The funny thing is, this peace-loving guy—director of the UW Center for Conservation Biology—might not be doing what he’s doing if not for one of Africa’s most violent dictators. (His work at the center focuses on the impact humans have on threatened and endangered species. It relies heavily on the tool he used to help prosecute poachers.)

“To be honest,” Wasser says, “I never thought I would be doing what I’m doing now, but I always wanted to save animals.” Initially, he dreamed of becoming a veterinarian until a high school stint at a veterinary clinic cured him of his desire to treat household pets. Then he became interested in wildlife conservation and headed to Africa to work for a vet in Uganda.

“I couldn’t do [the job] because Idi Amin had taken all this guy’s stuff away,” he recalls. Amin’s soldiers “were looting everything and everyone.”

The trip wasn’t a total loss, however. Wasser got involved with a research project on lions and fell in love with doing fieldwork. As he puts it, “Africa was my passion. Everything I did was to get back to Africa.”

While conducting baboon research, Wasser was alarmed by the prevalence of elephant poaching. During the 18 years he spent in Africa, the pachyderm population dropped by nearly half, from 1.3 million to approximately 700,000. But when the Tanzanian government finally cracked down on poaching, an unforeseen consequence took Wasser by surprise.

“All of a sudden, leopards were coming out of the woodwork and eating our baboons,” he recalls. The spotted feline predators were forced to find another source of food—baboons—because they could no longer rely on meat from elephant carcasses left behind by poachers.

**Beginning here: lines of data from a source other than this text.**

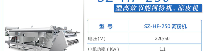 名稱SZ-HF-250涼皮機 電源220/380V 功率1.1/81kw 產(chǎn)量100/150/200/250kg/h 尺寸主機尺寸5500*1000*1050mm 外形尺寸5600*1200*1500mm 重量500kg 規(guī)格粉條寬度mm:4/6/8/10 其他
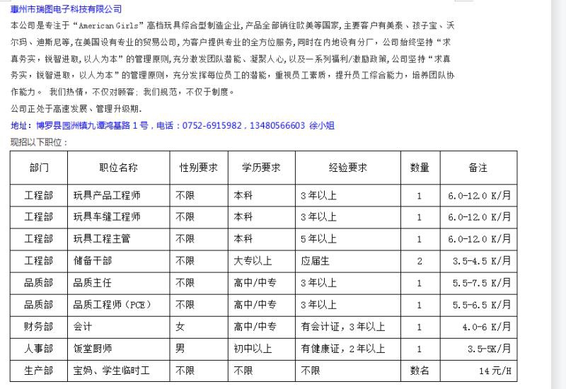 地址:博罗县园洲镇九谭鸿基路1号,电话:0752-6915982,13480566603 徐小姐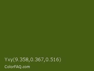 Yxy 9.358,0.367,0.516 Color is a very dark lime color and the nearest color is Green Leaf #436a0d. Hex code #465e14 and RGB value is rgb(70,94,20). In RGB color space, this color is composed of 27% red, 37% green, 8% blue, In CMYK color space, this color is composed of 26% cyan, 0% magenta, 79% yellow , 63% black , In HSL color space, this color has a hue angle of 79° , 65% saturation and 22% lightness.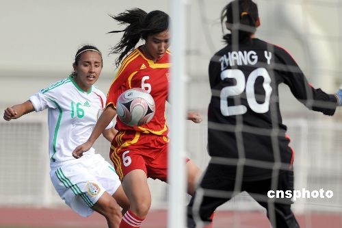 當(dāng)?shù)貢r間11月9日,備戰(zhàn)女足世界青年錦標(biāo)賽的中國青年女子足球隊在洛杉磯與墨西哥青年女足隊進行了一場熱身賽,結(jié)果兩隊踢成一比一。中新社發(fā) 張煒 攝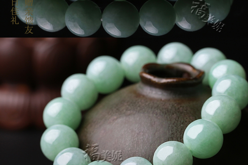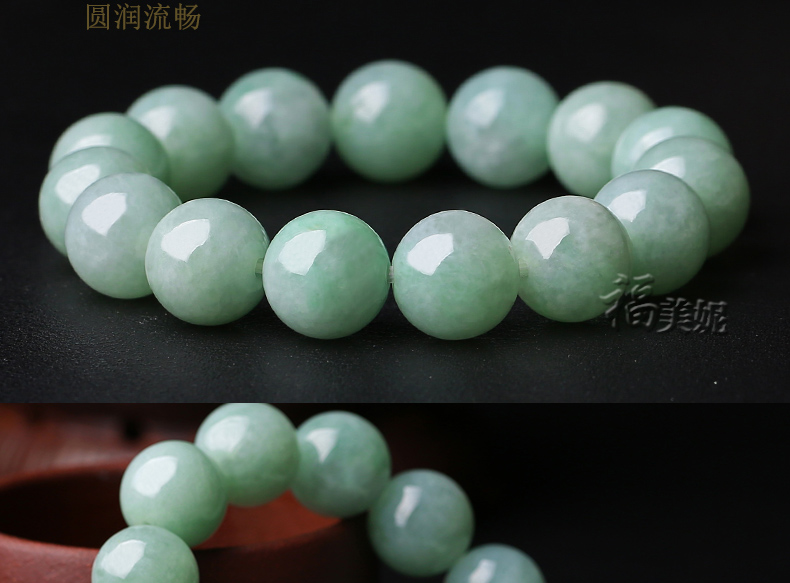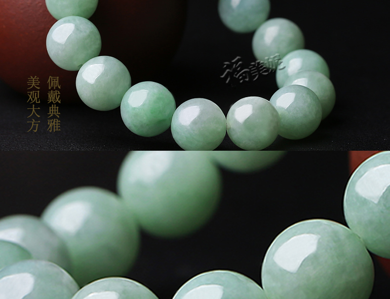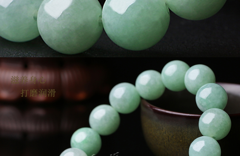Fumeini Genuine Burmese Natural Jade Bracelet for Men and Women, Beaded Bracelet, Icy Waxy Jade, Light Green Jade, A-Grade

“That was a big moment for me. It made me realize how deeply connected wildlife communities are and how a cascade of events can affect another,” he says. Wasser next found a way to extract DNA from elephant dung. “It just hit me that I could easily collect samples across the whole continent and make a genetic map,” he explains. “Then all I had to do was figure out how to get DNA from ivory and I could tell where the animal was poached.”

By the time he completed his research, he wrote a paper showing that he could take an elephant tusk from anywhere in Africa and determine its provenance within 300 kilometers.